[Information given]:

◇ ◇ ◇ ◇ ◇ ◇ ◇

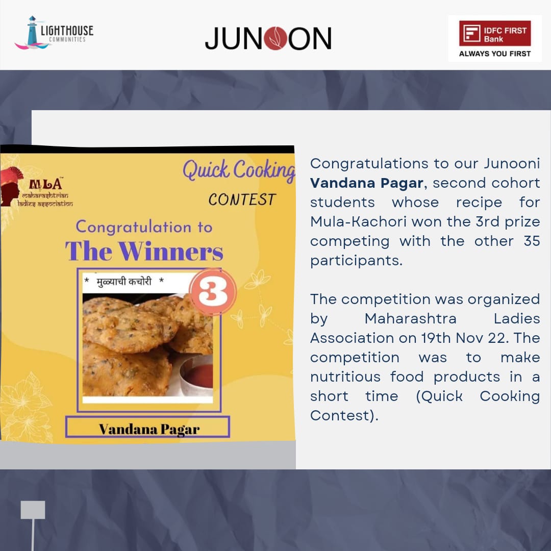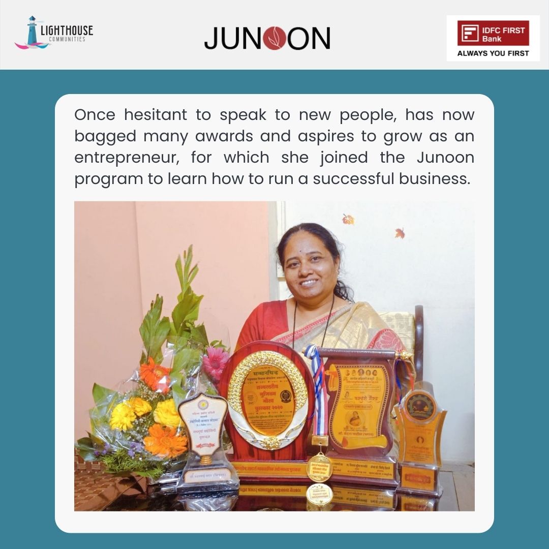 Once hesitant to speak to new people, she has now bagged many awards and aspires to grow as an entrepreneur, for which she joined the Junoon program to learn how to run a successful business.
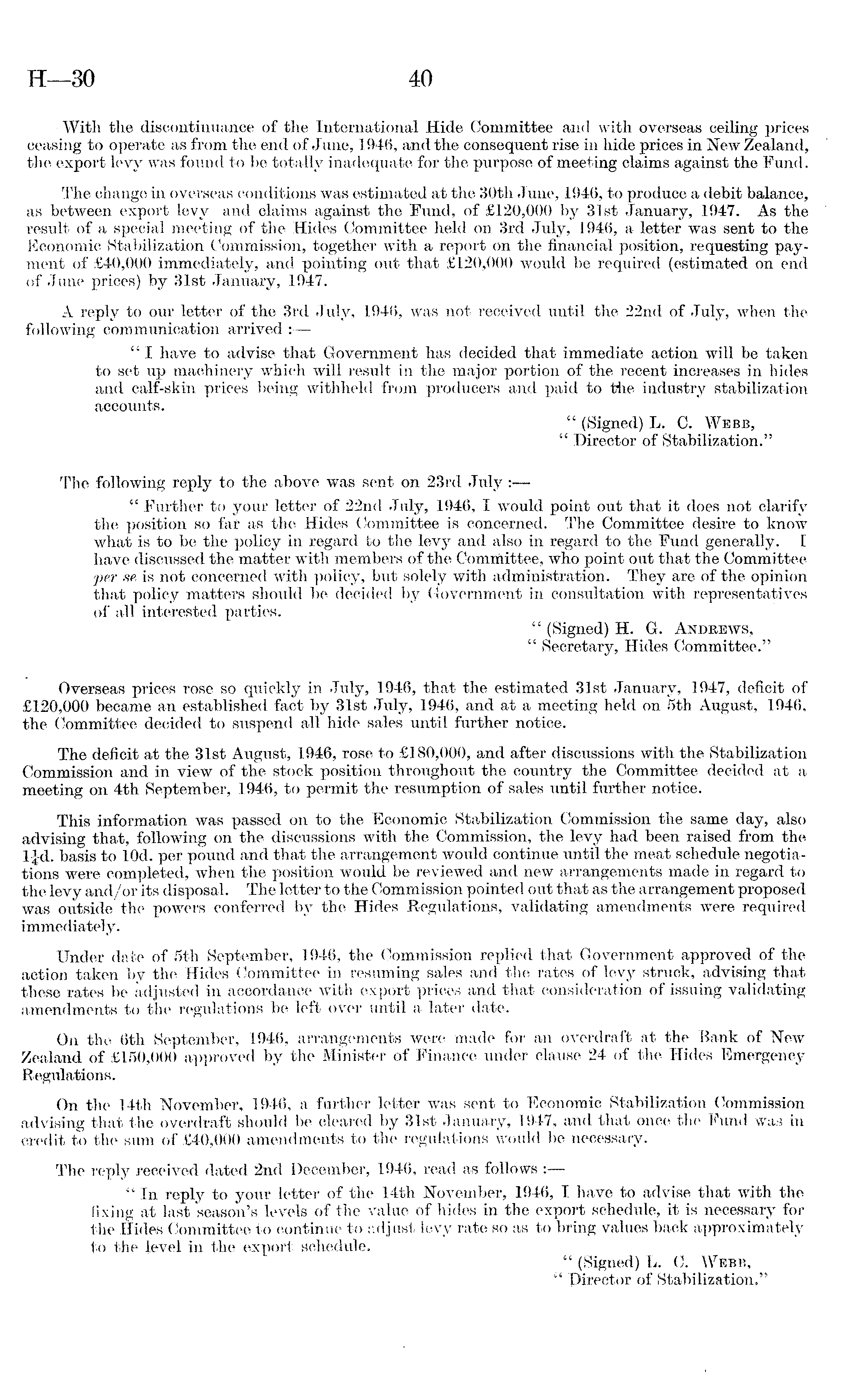 With the discontinuance of the International Hide Committee and with overseas ceiling prices ceasing to operate as from the end of June, 1946, and the consequent rise in hide prices in New Zealand, the export levy was found to be totally inadequate for the purpose of meeting claims against the Fund. The change in overseas conditions was estimated at the 30th June, 1946, to produce a debit balance, as between export levy and claims against the Fund, of £120,000 by 31st January, 1947. As the result of a special meeting of the Hides Committee held on 3rd July, 1946, a letter was sent to the Economic Stabilization Commission, together with a report on the financial position, requesting payment of £40,000 immediately, and pointing out that £120,000 would be required (estimated on end of June prices) by 31st January, 1947. A reply to our letter of the 3rd July, 1946, was not received until the 22nd of July, when the following communication arrived : " I have to advise that Government has decided that immediate action will be taken to set up machinery which will result in the major portion of the recent increases in hides and calf-skin prices being withheld from producers and paid to the industry stabilization accounts. " (Signed) L. C. Webb, " Director of Stabilization." The following reply to the above was sent on 23rd July : " Further to your letter of 22nd July, 1946, I would point out that it does not clarify the position so far as the Hides Committee is concerned. The Committee desire to know what is to be the policy in regard to the levy and also in regard to the Fund generally. I have discussed the matter with members of the Committee, who point out that the Committee per se is not concerned with policy, but solely with administration. They are of the opinion that policy matters should be decided by Government in consultation with representatives of all interested parties. " (Signed) H. G. Andrews, " Secretary, Hides Committee." Overseas prices rose so quickly in July, 1946, that the estimated 31st January, 1947, deficit of £120,000 became an established fact by 31st July, 1946, and at a meeting held on sth August, 1946, the Committee decided to suspend all hide sales until further notice. The deficit at the 31st August, 1946, rose to £lBO,OOO, and after discussions with the Stabilization Commission and in view of the stock position throughout the country the Committee decided at a meeting on 4th September, 194-6, to permit the resumption of sales until further notice. This information was passed on to the Economic Stabilization Commission the same day, also advising that, following on the discussions with the Commission, the levy had been raised from the lid. basis to lOd. per pound and that the arrangement would continue until the meat schedule negotiations were completed, when the position would be reviewed and new arrangements made in regard to the levy and/or its disposal. The letter to the Commission pointed out that as the arrangement proposed was outside the powers conferred by the Hides Regulations, validating amendments were required immediately. Under date of sth September, 1946, the Commission replied that Government approved of the action taken by the Hides Committee in resuming sales and the rates of levy struck, advising that these rates be adjusted in accordance with export prices and that consideration of issuing validating amendments to the regulations be left over until a later date. On the 6th September, 1946, arrangements were made for an overdraft at the Bank of New Zealand of £150,000 approved by the Minister of Finance under clause 24 of the Hides Emergency Regulations. On "the 14th November, 1946, a further letter was sent to Economic Stabilization Commission advising that the overdraft should be cleared by 31st January, 1947, and that once the Fund was in credit to the sum of £40,000 amendments to the regulations would be necessary. The reply received dated 2nd December, 1946, read as follows : " In reply to your letter of the 14th November, 1946, I have to advise that with the fixing at last season's levels of the value of hides in the export schedule, it is necessary for the Hides Committee to continue to adjust levy rate so as to bring values back approximately to the level in the export schedule. " (Signed) L. C. Webb, " Director of Stabilization."
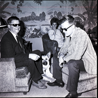 Jay Hill, left, sits on a recliner and Bob Caron, right, sits on a footrest at a party for students of the Idaho State Deaf and Blind School, held at the home of Mrs. E. W. McRoberts and hosted by the Twin Falls Delta Gamma Alumnae Association. Bob Caron is an instructor at the school. The two blind men are dressed in suits and ties and sunglasses. A German Shepherd lies on the ground beside them. A woman sits in a recliner at the back of the room. The back wall is decorated with a wallpaper covered in plants, trees, and mountains.
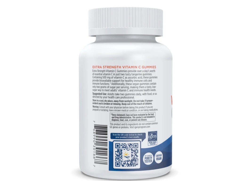 Vitamin C je nezbytný pro zdravou imunitní funkci, antioxidační ochranu a produkci kolagenu.* Výzkumy však ukazují, že mnoho Američanů nemá dostatek ve stravě. Naše extra silné gumové gumy s vitamínem C poskytují více než jeden den vitamínu C ve dvou chutných mandarinkových gumách s nízkým obsahem cukru. Získání denní dávky vitamínu C nebylo nikdy jednodušší.
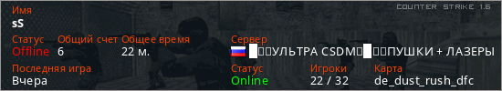 Играет на Counter Strike 1.6 сервере. Страна: РоссияПервый раз замечен 12:57 31.03.2026
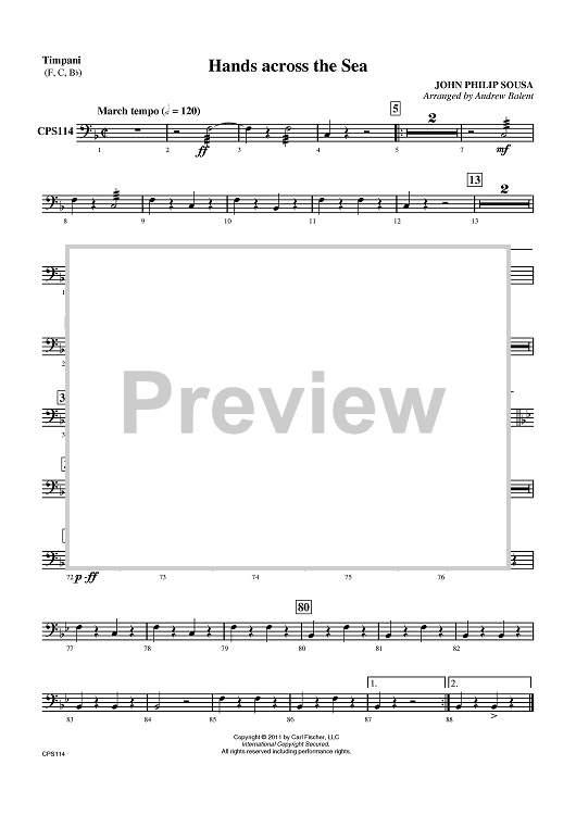 Digital Sheet Music for Hands Across The Sea (March) - Timpani by John Philip Sousa, Andrew Balent scored for Concert Band; id:420151
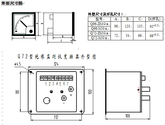 Q96D-MΩA | 96×96×140 | 92+0.5×92+0.5 | 1.1 |
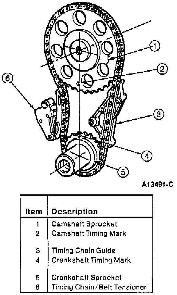NOTE: Make sure that the tensioner side of the timing chain is held inward, and that the guide side of the chain is straight and tight.
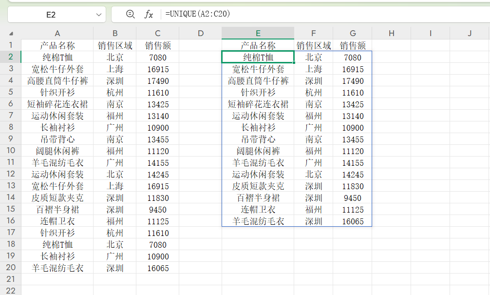 2.多列去重:以销售表为例,若需“产品+区域+销售额”完全一致才去重,公式为=UNIQUE(A2:C20),注意要明确“哪几列组合计算重复”,再确定函数的数据区域,避免结果不符预期。
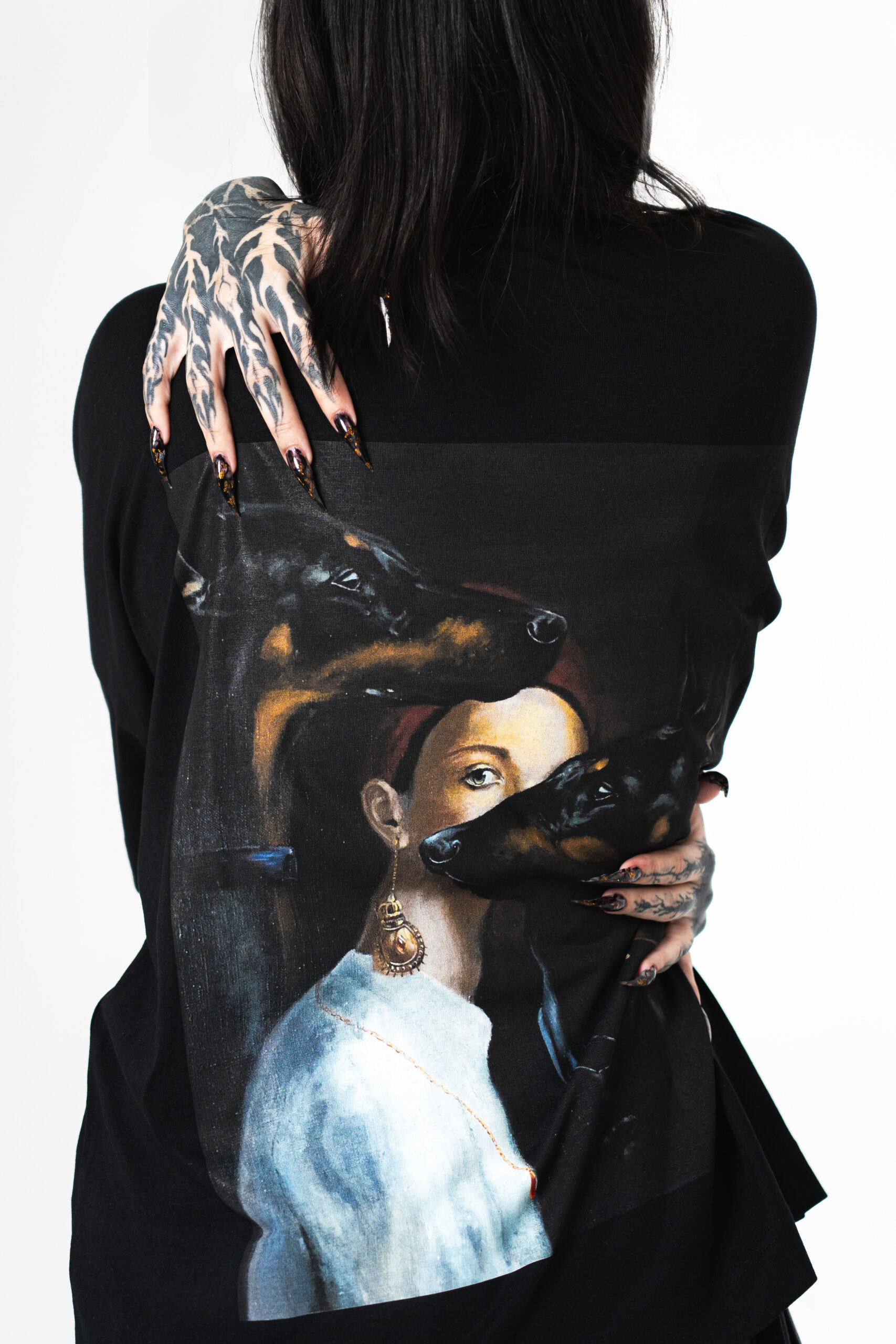 Aprašymas: oversize, unisex, trumpos rankovės, nuleisti pečiai, aukšta plati apykaklė
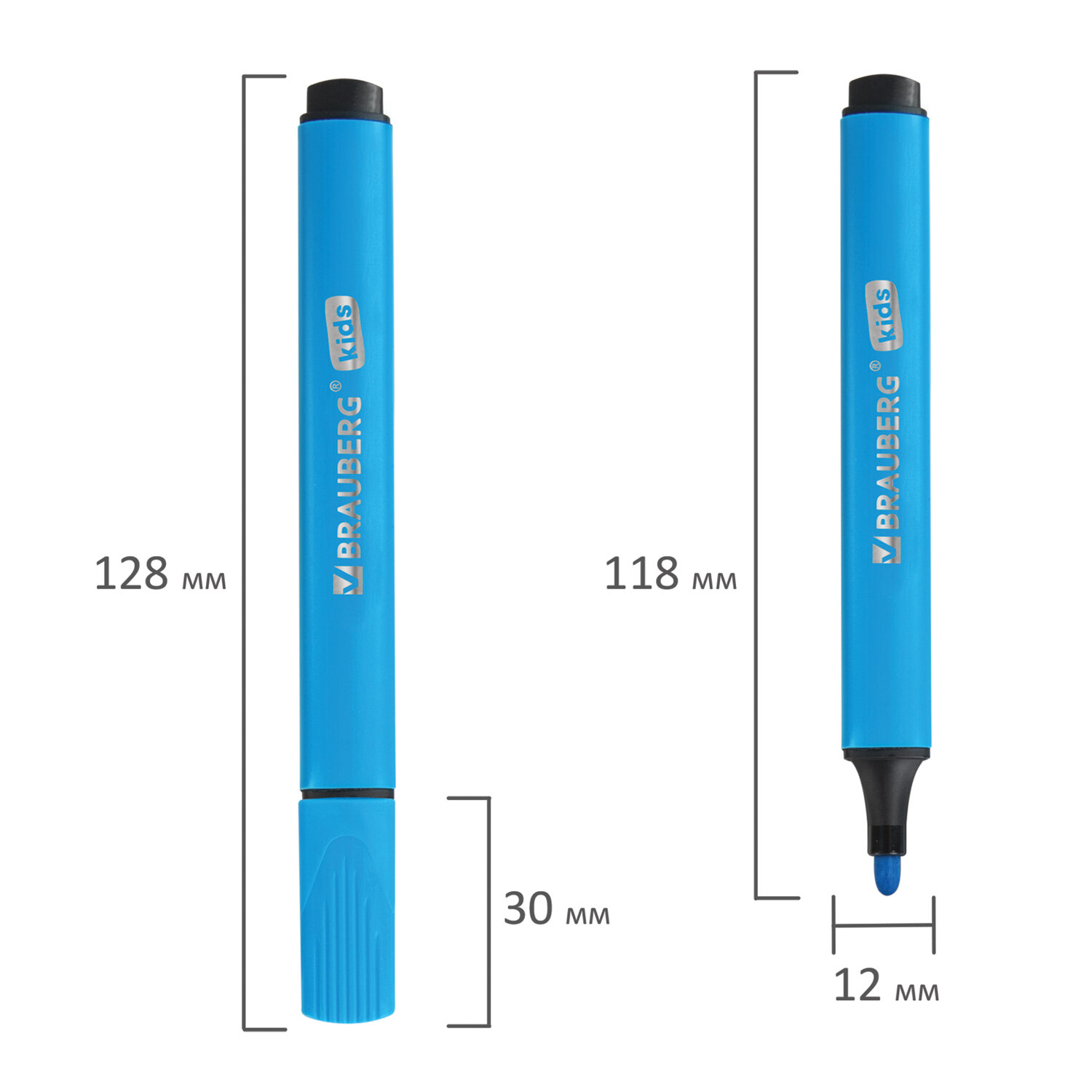 Набор из 24 фломастеров в пластиковом кейсе с удобной ручкой и надежными защелками. Фломастеры размещены в отдельных ячейках кейса, которые препятствуют их выпадению. Трехгранные утолщенные фломастеры из пластика длиной 128 мм и диаметром 12 мм. Круглый наконечник из фетра с линией письма 1-3 мм удобен для рисования и раскрашивания. Длина письма составляет 350 м: такого расхода хватит надолго. Фломастеры изготовлены на водной основе, поэтому они безопасны и легко смываются с большинства материалов и кожи. Наконечник устойчив к продавливанию, не проваливается внутрь корпуса. Колпачок имеет специальные прорези для вентиляции, которые способствуют прохождению воздуха при попадании в дыхательные пути малыша. Рекомендованы для детей от 3-х лет. Фломастеры в пластиковом кейсе трехгранные утолщенные УЛЬТРАСМЫВАЕМЫЕ, BRAUBERG KIDS, 24 цвета, 152192
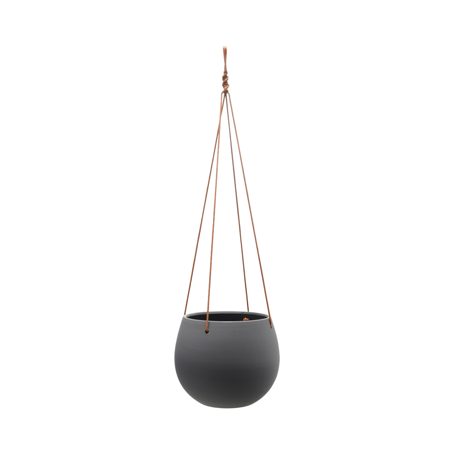 Catalog Name: 8-3/4" Round x 7-1/4"H Hanging Stoneware Planter w/ Leather Rope Hanger, Latex Glaze, Charcoal Color (Holds 7" Pot)

◇ ◇ ◇ ◇ ◇ ◇ ◇

[Instructions for the task]: Each record above must be retyped exactly, minus its pictures.

[Output for this exercise]:
 Once hesitant to speak to new people, she has now bagged many awards and aspires to grow as an entrepreneur, for which she joined the Junoon program to learn how to run a successful business.
 With the discontinuance of the International Hide Committee and with overseas ceiling prices ceasing to operate as from the end of June, 1946, and the consequent rise in hide prices in New Zealand, the export levy was found to be totally inadequate for the purpose of meeting claims against the Fund. The change in overseas conditions was estimated at the 30th June, 1946, to produce a debit balance, as between export levy and claims against the Fund, of £120,000 by 31st January, 1947. As the result of a special meeting of the Hides Committee held on 3rd July, 1946, a letter was sent to the Economic Stabilization Commission, together with a report on the financial position, requesting payment of £40,000 immediately, and pointing out that £120,000 would be required (estimated on end of June prices) by 31st January, 1947. A reply to our letter of the 3rd July, 1946, was not received until the 22nd of July, when the following communication arrived : " I have to advise that Government has decided that immediate action will be taken to set up machinery which will result in the major portion of the recent increases in hides and calf-skin prices being withheld from producers and paid to the industry stabilization accounts. " (Signed) L. C. Webb, " Director of Stabilization." The following reply to the above was sent on 23rd July : " Further to your letter of 22nd July, 1946, I would point out that it does not clarify the position so far as the Hides Committee is concerned. The Committee desire to know what is to be the policy in regard to the levy and also in regard to the Fund generally. I have discussed the matter with members of the Committee, who point out that the Committee per se is not concerned with policy, but solely with administration. They are of the opinion that policy matters should be decided by Government in consultation with representatives of all interested parties. " (Signed) H. G. Andrews, " Secretary, Hides Committee." Overseas prices rose so quickly in July, 1946, that the estimated 31st January, 1947, deficit of £120,000 became an established fact by 31st July, 1946, and at a meeting held on sth August, 1946, the Committee decided to suspend all hide sales until further notice. The deficit at the 31st August, 1946, rose to £lBO,OOO, and after discussions with the Stabilization Commission and in view of the stock position throughout the country the Committee decided at a meeting on 4th September, 194-6, to permit the resumption of sales until further notice. This information was passed on to the Economic Stabilization Commission the same day, also advising that, following on the discussions with the Commission, the levy had been raised from the lid. basis to lOd. per pound and that the arrangement would continue until the meat schedule negotiations were completed, when the position would be reviewed and new arrangements made in regard to the levy and/or its disposal. The letter to the Commission pointed out that as the arrangement proposed was outside the powers conferred by the Hides Regulations, validating amendments were required immediately. Under date of sth September, 1946, the Commission replied that Government approved of the action taken by the Hides Committee in resuming sales and the rates of levy struck, advising that these rates be adjusted in accordance with export prices and that consideration of issuing validating amendments to the regulations be left over until a later date. On the 6th September, 1946, arrangements were made for an overdraft at the Bank of New Zealand of £150,000 approved by the Minister of Finance under clause 24 of the Hides Emergency Regulations. On "the 14th November, 1946, a further letter was sent to Economic Stabilization Commission advising that the overdraft should be cleared by 31st January, 1947, and that once the Fund was in credit to the sum of £40,000 amendments to the regulations would be necessary. The reply received dated 2nd December, 1946, read as follows : " In reply to your letter of the 14th November, 1946, I have to advise that with the fixing at last season's levels of the value of hides in the export schedule, it is necessary for the Hides Committee to continue to adjust levy rate so as to bring values back approximately to the level in the export schedule. " (Signed) L. C. Webb, " Director of Stabilization."
 Jay Hill, left, sits on a recliner and Bob Caron, right, sits on a footrest at a party for students of the Idaho State Deaf and Blind School, held at the home of Mrs. E. W. McRoberts and hosted by the Twin Falls Delta Gamma Alumnae Association. Bob Caron is an instructor at the school. The two blind men are dressed in suits and ties and sunglasses. A German Shepherd lies on the ground beside them. A woman sits in a recliner at the back of the room. The back wall is decorated with a wallpaper covered in plants, trees, and mountains.
 Vitamin C je nezbytný pro zdravou imunitní funkci, antioxidační ochranu a produkci kolagenu.* Výzkumy však ukazují, že mnoho Američanů nemá dostatek ve stravě. Naše extra silné gumové gumy s vitamínem C poskytují více než jeden den vitamínu C ve dvou chutných mandarinkových gumách s nízkým obsahem cukru. Získání denní dávky vitamínu C nebylo nikdy jednodušší.
 Играет на Counter Strike 1.6 сервере. Страна: РоссияПервый раз замечен 12:57 31.03.2026
 Digital Sheet Music for Hands Across The Sea (March) - Timpani by John Philip Sousa, Andrew Balent scored for Concert Band; id:420151
 Q96D-MΩA | 96×96×140 | 92+0.5×92+0.5 | 1.1 |
NOTE: Make sure that the tensioner side of the timing chain is held inward, and that the guide side of the chain is straight and tight.
 2.多列去重:以销售表为例,若需“产品+区域+销售额”完全一致才去重,公式为=UNIQUE(A2:C20),注意要明确“哪几列组合计算重复”,再确定函数的数据区域,避免结果不符预期。
 Aprašymas: oversize, unisex, trumpos rankovės, nuleisti pečiai, aukšta plati apykaklė
 Набор из 24 фломастеров в пластиковом кейсе с удобной ручкой и надежными защелками. Фломастеры размещены в отдельных ячейках кейса, которые препятствуют их выпадению. Трехгранные утолщенные фломастеры из пластика длиной 128 мм и диаметром 12 мм. Круглый наконечник из фетра с линией письма 1-3 мм удобен для рисования и раскрашивания. Длина письма составляет 350 м: такого расхода хватит надолго. Фломастеры изготовлены на водной основе, поэтому они безопасны и легко смываются с большинства материалов и кожи. Наконечник устойчив к продавливанию, не проваливается внутрь корпуса. Колпачок имеет специальные прорези для вентиляции, которые способствуют прохождению воздуха при попадании в дыхательные пути малыша. Рекомендованы для детей от 3-х лет. Фломастеры в пластиковом кейсе трехгранные утолщенные УЛЬТРАСМЫВАЕМЫЕ, BRAUBERG KIDS, 24 цвета, 152192
 Catalog Name: 8-3/4" Round x 7-1/4"H Hanging Stoneware Planter w/ Leather Rope Hanger, Latex Glaze, Charcoal Color (Holds 7" Pot)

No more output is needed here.